After a quick observation I could tell that my base wasn’t completely making contact with the virtual platform. Easy fix. I moved down the object so that the base was actually below the platform. I figured that would simply cut out the bottom and have everything not cropped out be touching the base. Fast forward 10 minutes and I find that this isn’t an actual fix to my problem. The guru couldn’t completely explain why my fix didn’t work, but suggested instead I go back to the basics and fix the original design on Tinkercad.

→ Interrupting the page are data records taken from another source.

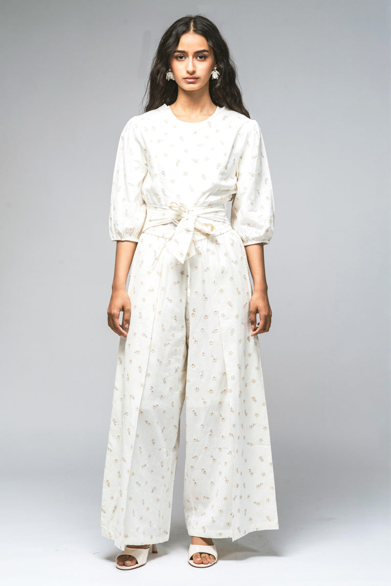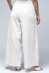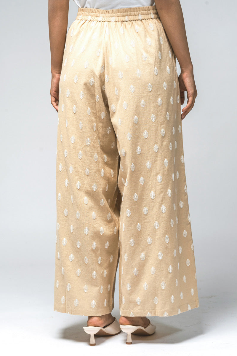 بنطلون واسع بتفاصيل تطريز ورباط خصر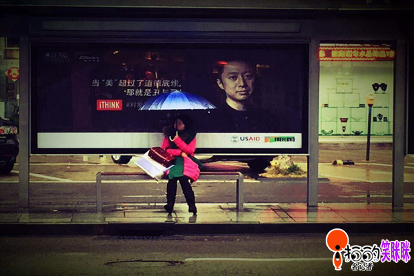 今天下雨,天一廣場公交車站,大幅廣告牌下,紅衣女子在等待......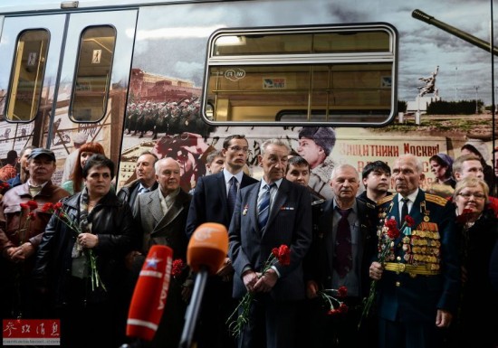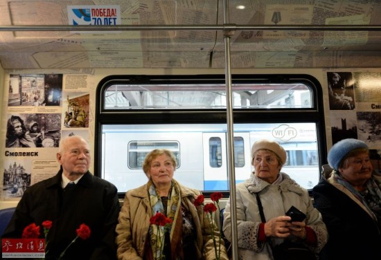 4月22日,在俄罗斯首都莫斯科,首批乘客乘坐卫国战争胜利70周年纪念地铁专列。当日,俄罗斯首都莫斯科卫国战争胜利70周年纪念地铁专列投入运营,卫国战争老兵及莫斯科地铁的建设者等受邀成为首批乘客。新华社记者贾宇辰摄
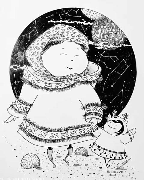 – С именем все просто – по две начальные буквы моего имени и фамилии. Родилась Инки в общем-то случайно. Мы с девочками, которые тоже рисуют в стиле зенарт, решили сделать выставку работ. Каждый должен был придумать сюжет и создать несколько рисунков. Тут я просто нарисовала эту толстую девочку на тоненьких ножках и решила придумывать для нее разные сюжеты. Она всем понравилась, у всех вызывала улыбку. Тогда выставка не состоялась, однако в 2018 году в Краеведческом музее я выставила около 40 работ.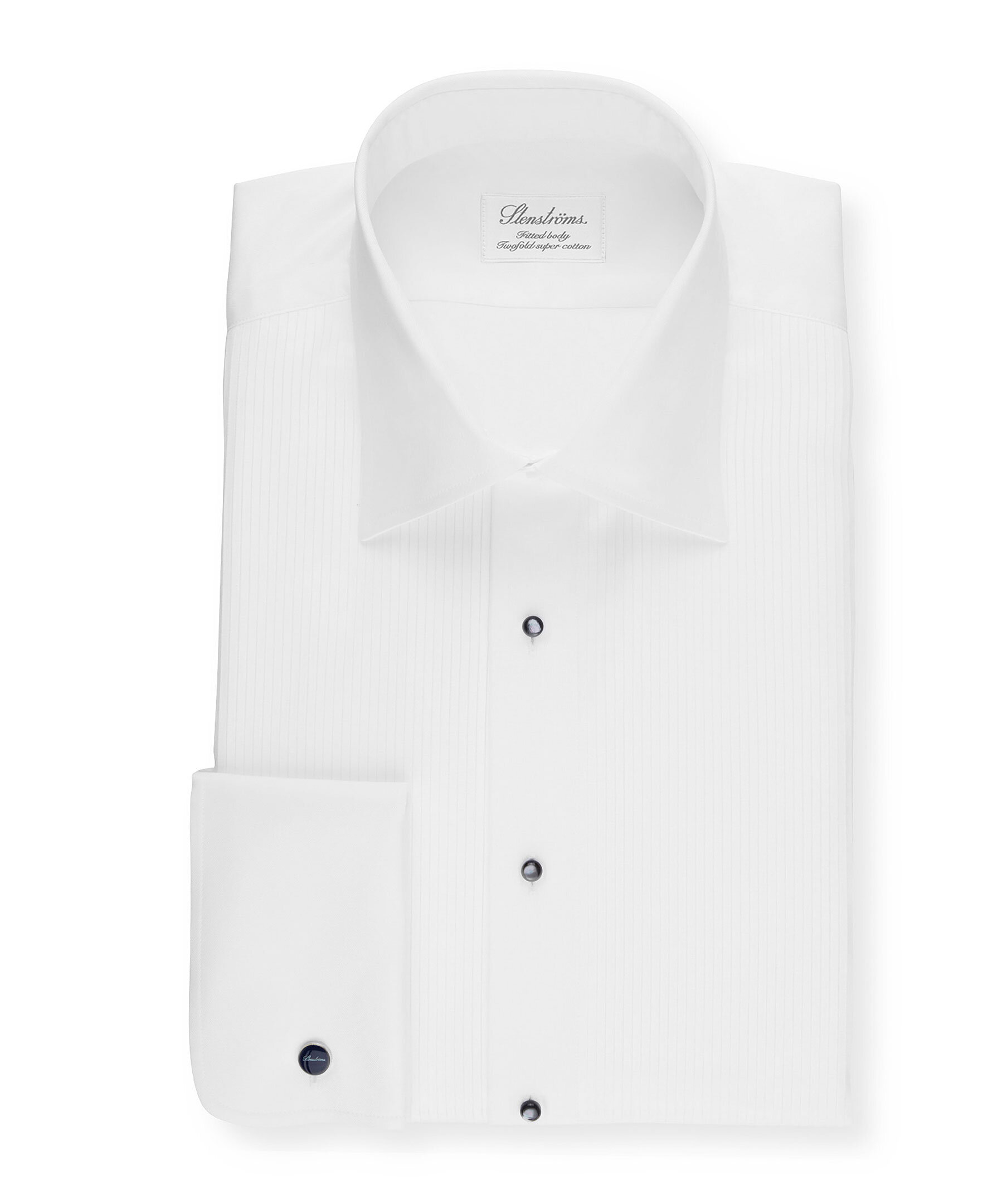 Denna eleganta aftonskjorta från Stenströms är gjord från fint twill med en veckad front, och skjortan är en fitted body med en något skräddarsydd midja. Den är detaljerad med dubbla manschetter och en klassisk wing krage.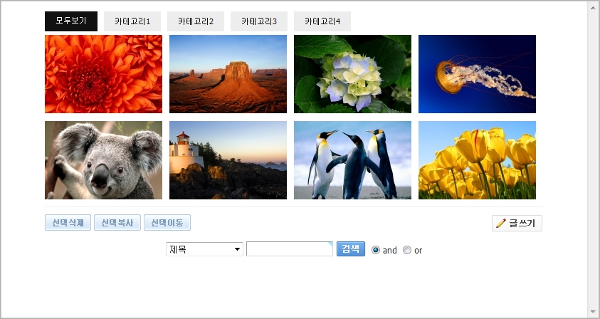 Jquery를 이용하여 카테고리별로 정렬해주는 갤러리 게시판입니다.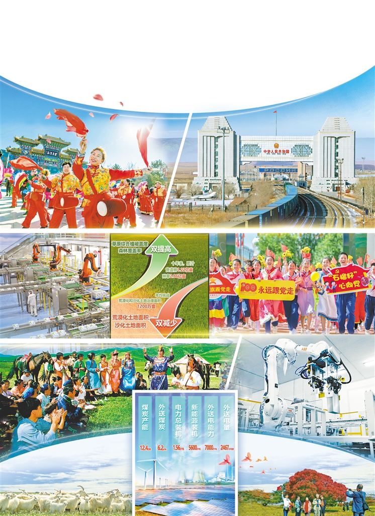 温暖千座城、点亮万家灯,国家重要能源和战略资源基地尽显担当。创造了煤炭产能、电力总装机、新能源装机、外送煤炭、外送电能力、外送电量等六项全国第一。2021年,内蒙古承担了18个省区市5300万吨煤炭保供任务。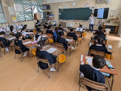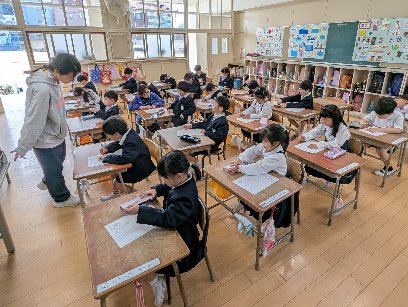 国語の授業の様子です。ひらがなの学習をしていました。今日は「つ」を書いていました。まずは字をなぞりながら書き、最後は、自分の力で書いていました。これからどんどん書くことになりますが、ていねいに書くことを忘れないでください。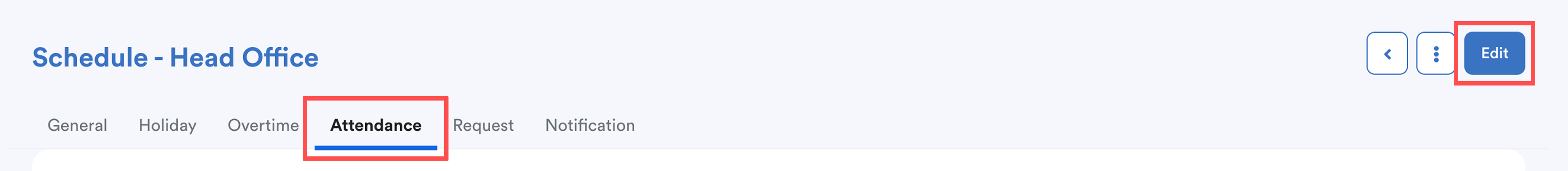 On the left menu, go to Settings (a) > Attendance (b) > Schedule (c).

Frustrated with my lack of success and waste of time, I rushed onto Tinkercad to fix this once and for all. I wasted no time playing around. I used a “hole” box and completely cropped anything on the bottom the wasn’t even. Exported the file to Autodesk, brought it to platform and set it on its base just to be sure that I wouldn’t mess up yet again. This time around, after a wasted 45 minutes, I successfully was able to print my face object. Well, I know the base looked good, I haven’t actually seen my object as I left early once printing began. I bet its good. I’ll keep you all posted on my twitter @MatarDMS!
Learning can be frustrating… but rewarding! This was my first time working with the machines on my own and I really wasn’t surprised that things went wrong. This isn’t to say I would have much rather it worked on the first try but an admission that that’s how my learning usually is. A little bit of trial and error. Not always being the most careful with instructions. This isn’t the worst thing in the world as I feel it solidifies the lessons especially well with me. Learning is learning at the end of the day, no matter how many attempts it takes.